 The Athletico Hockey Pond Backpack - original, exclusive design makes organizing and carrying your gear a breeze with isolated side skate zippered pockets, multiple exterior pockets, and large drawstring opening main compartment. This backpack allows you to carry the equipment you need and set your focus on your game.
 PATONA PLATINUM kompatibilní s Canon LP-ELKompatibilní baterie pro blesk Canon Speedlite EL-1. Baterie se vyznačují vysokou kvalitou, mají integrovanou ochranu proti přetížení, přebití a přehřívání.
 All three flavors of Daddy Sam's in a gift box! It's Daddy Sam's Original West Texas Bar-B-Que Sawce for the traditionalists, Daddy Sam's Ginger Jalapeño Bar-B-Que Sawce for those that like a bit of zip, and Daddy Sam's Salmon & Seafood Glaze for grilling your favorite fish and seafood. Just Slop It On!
▬▬▬▬▬▬▬▬▬▬
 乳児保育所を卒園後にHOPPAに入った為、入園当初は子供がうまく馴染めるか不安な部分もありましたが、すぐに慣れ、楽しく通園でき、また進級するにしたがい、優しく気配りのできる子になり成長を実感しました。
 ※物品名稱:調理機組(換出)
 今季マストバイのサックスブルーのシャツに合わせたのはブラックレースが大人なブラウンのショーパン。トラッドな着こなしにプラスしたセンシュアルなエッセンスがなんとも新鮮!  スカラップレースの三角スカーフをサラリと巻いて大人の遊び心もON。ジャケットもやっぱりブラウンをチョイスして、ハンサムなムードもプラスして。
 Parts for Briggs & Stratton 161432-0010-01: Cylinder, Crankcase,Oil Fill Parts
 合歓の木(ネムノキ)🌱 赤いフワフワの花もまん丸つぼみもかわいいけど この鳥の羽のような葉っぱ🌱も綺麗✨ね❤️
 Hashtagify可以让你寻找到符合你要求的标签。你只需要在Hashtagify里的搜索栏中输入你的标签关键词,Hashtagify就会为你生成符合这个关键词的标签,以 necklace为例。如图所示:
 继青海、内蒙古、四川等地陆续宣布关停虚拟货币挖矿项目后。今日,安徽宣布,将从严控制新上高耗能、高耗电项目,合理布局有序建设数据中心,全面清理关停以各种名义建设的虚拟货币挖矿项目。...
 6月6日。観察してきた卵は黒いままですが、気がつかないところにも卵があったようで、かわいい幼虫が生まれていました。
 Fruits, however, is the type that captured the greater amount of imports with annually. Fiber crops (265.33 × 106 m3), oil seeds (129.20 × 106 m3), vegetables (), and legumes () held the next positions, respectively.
▬▬▬▬▬▬▬▬▬▬
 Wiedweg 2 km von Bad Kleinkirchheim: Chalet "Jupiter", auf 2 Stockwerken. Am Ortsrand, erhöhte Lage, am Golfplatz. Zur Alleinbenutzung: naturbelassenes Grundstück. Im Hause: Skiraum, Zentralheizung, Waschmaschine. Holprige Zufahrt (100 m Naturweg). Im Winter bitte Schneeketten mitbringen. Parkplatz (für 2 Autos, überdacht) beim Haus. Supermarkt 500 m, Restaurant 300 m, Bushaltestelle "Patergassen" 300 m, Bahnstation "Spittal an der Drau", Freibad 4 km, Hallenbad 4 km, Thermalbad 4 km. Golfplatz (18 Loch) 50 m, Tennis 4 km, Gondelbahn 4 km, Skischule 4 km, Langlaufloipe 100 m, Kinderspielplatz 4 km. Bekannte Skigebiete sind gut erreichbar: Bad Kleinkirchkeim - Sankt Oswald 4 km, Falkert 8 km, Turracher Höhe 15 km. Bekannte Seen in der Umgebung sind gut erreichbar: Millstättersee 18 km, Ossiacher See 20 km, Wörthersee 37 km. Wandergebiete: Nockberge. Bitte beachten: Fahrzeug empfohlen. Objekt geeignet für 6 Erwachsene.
▬▬▬▬▬▬▬▬▬▬
Copy the entries above exactly, but only from the line holding "乳児保育所を卒園後にHOPP" through the line holding "合歓の木(ネムノキ)🌱 赤いフワフワの花もまん丸つぼみもかわいいけど この鳥の羽のような葉っぱ🌱も綺麗✨ね❤️", both included.

*Result for this task*:
 乳児保育所を卒園後にHOPPAに入った為、入園当初は子供がうまく馴染めるか不安な部分もありましたが、すぐに慣れ、楽しく通園でき、また進級するにしたがい、優しく気配りのできる子になり成長を実感しました。
 ※物品名稱:調理機組(換出)
 今季マストバイのサックスブルーのシャツに合わせたのはブラックレースが大人なブラウンのショーパン。トラッドな着こなしにプラスしたセンシュアルなエッセンスがなんとも新鮮!  スカラップレースの三角スカーフをサラリと巻いて大人の遊び心もON。ジャケットもやっぱりブラウンをチョイスして、ハンサムなムードもプラスして。
 Parts for Briggs & Stratton 161432-0010-01: Cylinder, Crankcase,Oil Fill Parts
 合歓の木(ネムノキ)🌱 赤いフワフワの花もまん丸つぼみもかわいいけど この鳥の羽のような葉っぱ🌱も綺麗✨ね❤️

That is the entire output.